== Data records ==
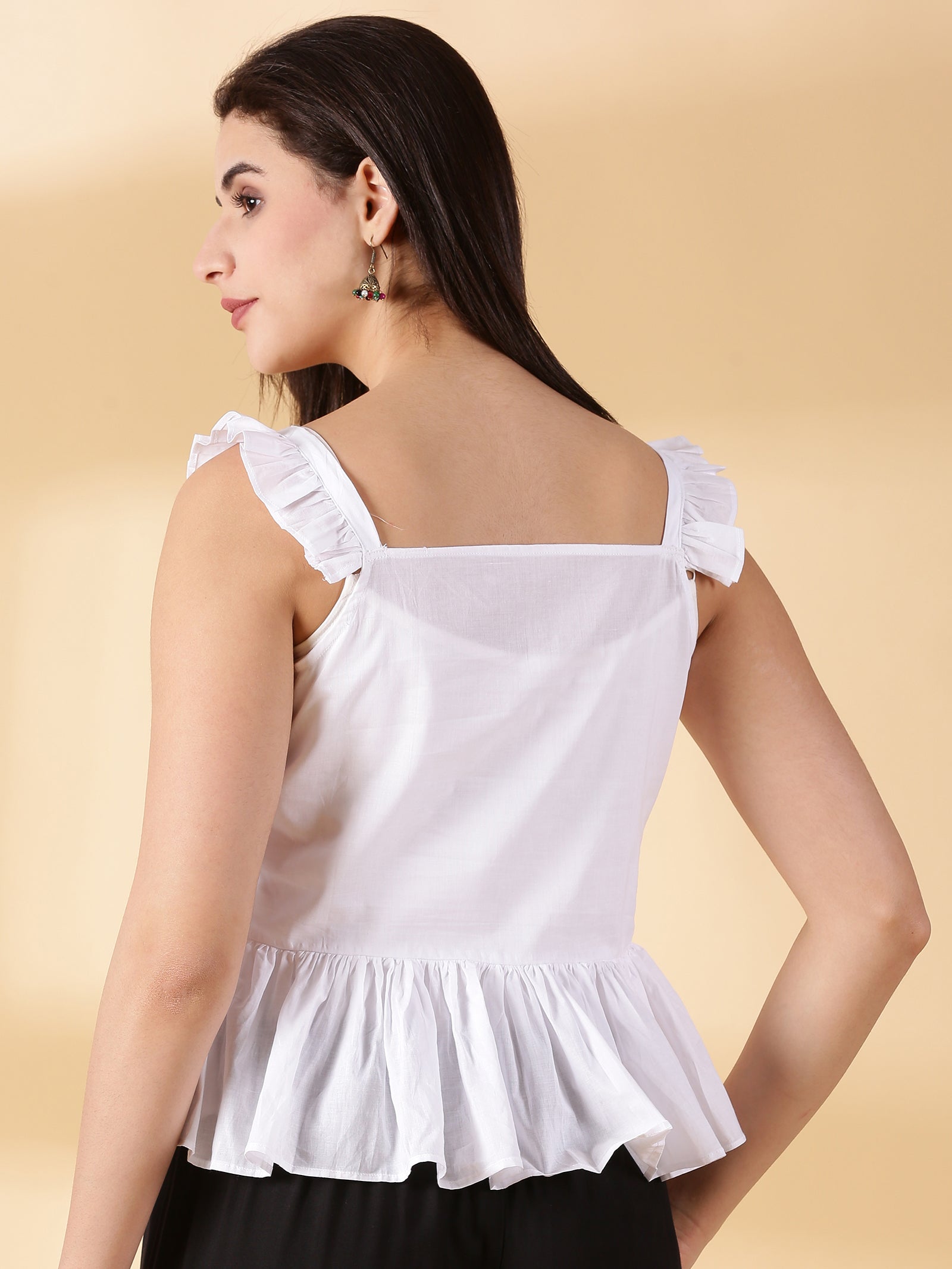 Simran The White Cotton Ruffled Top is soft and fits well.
===
== Data records ==
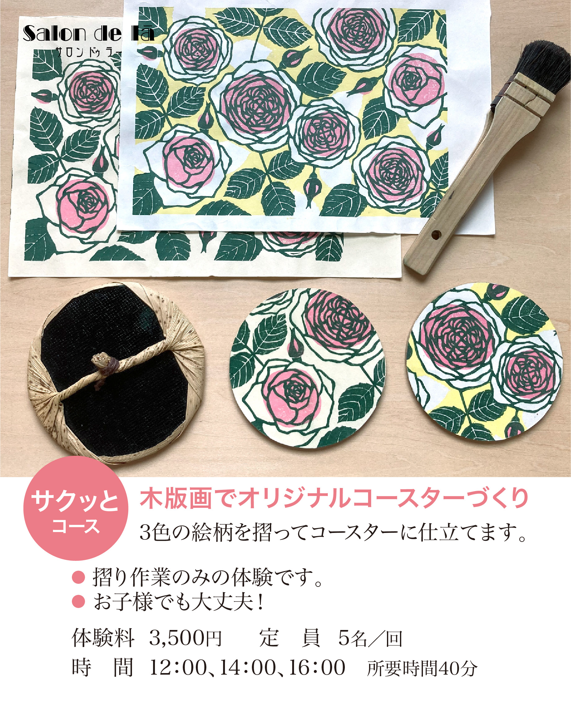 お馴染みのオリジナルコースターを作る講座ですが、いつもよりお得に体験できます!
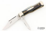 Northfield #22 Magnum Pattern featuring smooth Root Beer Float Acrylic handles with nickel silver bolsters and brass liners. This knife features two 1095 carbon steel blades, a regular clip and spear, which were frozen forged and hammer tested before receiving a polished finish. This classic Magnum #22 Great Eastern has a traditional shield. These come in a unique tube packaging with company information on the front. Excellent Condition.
===
Required action ▸ Excerpt from the records above: set down only the lines from the one that contains "お馴染みのオリジナルコースターを作る講座ですが、いつもよりお得に体験できます!" through the one that contains "Northfield #22 Magnum", inclusive, word for word. Pictures stay out.

Result for this exercise ▸
 お馴染みのオリジナルコースターを作る講座ですが、いつもよりお得に体験できます!
 Northfield #22 Magnum Pattern featuring smooth Root Beer Float Acrylic handles with nickel silver bolsters and brass liners. This knife features two 1095 carbon steel blades, a regular clip and spear, which were frozen forged and hammer tested before receiving a polished finish. This classic Magnum #22 Great Eastern has a traditional shield. These come in a unique tube packaging with company information on the front. Excellent Condition.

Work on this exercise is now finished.